Extract the lines from the first line of the records below through the line containing "Exteriör, glasad gavelfasad", inclusive, and reproduce them exactly as written.

(Beginning of SUPPLIED DATA)

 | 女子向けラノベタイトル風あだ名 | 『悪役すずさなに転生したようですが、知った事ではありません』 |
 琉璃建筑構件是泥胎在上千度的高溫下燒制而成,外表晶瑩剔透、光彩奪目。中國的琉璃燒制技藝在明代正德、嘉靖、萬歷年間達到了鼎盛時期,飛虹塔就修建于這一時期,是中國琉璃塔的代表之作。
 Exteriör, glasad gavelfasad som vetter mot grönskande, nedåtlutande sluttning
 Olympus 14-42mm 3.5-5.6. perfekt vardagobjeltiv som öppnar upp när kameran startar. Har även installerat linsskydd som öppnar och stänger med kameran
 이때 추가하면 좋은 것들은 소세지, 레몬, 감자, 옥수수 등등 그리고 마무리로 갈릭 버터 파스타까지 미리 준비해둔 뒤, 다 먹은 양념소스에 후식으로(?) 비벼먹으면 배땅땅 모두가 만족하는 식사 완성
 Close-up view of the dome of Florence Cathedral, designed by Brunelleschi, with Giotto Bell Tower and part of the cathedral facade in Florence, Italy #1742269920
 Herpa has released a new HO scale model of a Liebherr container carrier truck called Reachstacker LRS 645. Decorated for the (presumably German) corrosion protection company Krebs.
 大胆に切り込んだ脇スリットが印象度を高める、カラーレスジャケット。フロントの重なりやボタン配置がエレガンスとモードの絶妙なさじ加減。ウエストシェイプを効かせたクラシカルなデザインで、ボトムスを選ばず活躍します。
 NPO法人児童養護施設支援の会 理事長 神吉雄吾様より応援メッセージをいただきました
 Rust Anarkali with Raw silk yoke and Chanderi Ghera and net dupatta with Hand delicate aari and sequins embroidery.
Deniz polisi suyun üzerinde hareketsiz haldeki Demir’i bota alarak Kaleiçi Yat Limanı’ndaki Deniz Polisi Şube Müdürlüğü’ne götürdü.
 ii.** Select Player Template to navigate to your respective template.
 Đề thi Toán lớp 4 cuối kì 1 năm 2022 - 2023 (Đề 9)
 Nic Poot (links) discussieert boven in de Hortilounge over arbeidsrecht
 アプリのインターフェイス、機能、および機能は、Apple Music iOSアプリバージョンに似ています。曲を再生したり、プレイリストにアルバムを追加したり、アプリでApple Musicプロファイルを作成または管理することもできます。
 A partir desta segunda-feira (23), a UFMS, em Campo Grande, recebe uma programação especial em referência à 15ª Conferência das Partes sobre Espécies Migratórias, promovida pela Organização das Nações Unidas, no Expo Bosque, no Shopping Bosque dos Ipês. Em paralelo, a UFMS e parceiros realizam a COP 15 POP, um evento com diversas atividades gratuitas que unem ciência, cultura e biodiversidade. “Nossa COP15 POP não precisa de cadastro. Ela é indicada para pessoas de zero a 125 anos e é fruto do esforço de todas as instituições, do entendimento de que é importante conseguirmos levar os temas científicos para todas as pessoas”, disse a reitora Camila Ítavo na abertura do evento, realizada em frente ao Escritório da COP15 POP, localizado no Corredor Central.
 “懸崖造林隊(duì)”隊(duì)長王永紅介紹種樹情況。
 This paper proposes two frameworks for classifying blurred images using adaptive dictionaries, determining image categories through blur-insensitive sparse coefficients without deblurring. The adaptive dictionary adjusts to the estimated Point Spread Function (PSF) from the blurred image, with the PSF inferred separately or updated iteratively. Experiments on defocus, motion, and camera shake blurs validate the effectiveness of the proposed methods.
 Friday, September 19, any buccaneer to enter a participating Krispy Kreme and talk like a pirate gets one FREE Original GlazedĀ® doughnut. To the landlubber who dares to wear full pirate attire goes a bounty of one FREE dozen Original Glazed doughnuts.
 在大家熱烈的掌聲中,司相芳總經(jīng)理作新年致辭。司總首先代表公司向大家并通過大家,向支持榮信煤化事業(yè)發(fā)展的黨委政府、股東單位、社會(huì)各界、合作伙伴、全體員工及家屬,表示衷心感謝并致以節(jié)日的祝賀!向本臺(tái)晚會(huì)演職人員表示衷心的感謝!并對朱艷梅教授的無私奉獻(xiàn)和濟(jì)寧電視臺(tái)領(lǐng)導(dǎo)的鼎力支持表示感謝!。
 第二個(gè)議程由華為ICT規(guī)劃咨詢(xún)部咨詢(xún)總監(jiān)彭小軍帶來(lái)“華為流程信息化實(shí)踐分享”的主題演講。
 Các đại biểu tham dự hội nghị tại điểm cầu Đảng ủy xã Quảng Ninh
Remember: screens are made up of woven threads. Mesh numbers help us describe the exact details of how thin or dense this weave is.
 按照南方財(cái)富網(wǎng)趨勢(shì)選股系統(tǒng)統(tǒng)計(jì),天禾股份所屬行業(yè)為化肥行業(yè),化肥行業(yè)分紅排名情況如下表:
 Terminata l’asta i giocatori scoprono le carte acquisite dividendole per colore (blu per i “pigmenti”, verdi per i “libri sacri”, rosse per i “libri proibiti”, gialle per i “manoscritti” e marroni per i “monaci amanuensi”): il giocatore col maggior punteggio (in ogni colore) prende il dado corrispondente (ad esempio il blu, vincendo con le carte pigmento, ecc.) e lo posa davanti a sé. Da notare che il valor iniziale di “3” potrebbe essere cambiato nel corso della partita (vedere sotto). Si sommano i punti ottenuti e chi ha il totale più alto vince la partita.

(End of SUPPLIED DATA)

RESPONSE AREA -
 | 女子向けラノベタイトル風あだ名 | 『悪役すずさなに転生したようですが、知った事ではありません』 |
 琉璃建筑構件是泥胎在上千度的高溫下燒制而成,外表晶瑩剔透、光彩奪目。中國的琉璃燒制技藝在明代正德、嘉靖、萬歷年間達到了鼎盛時期,飛虹塔就修建于這一時期,是中國琉璃塔的代表之作。
 Exteriör, glasad gavelfasad som vetter mot grönskande, nedåtlutande sluttning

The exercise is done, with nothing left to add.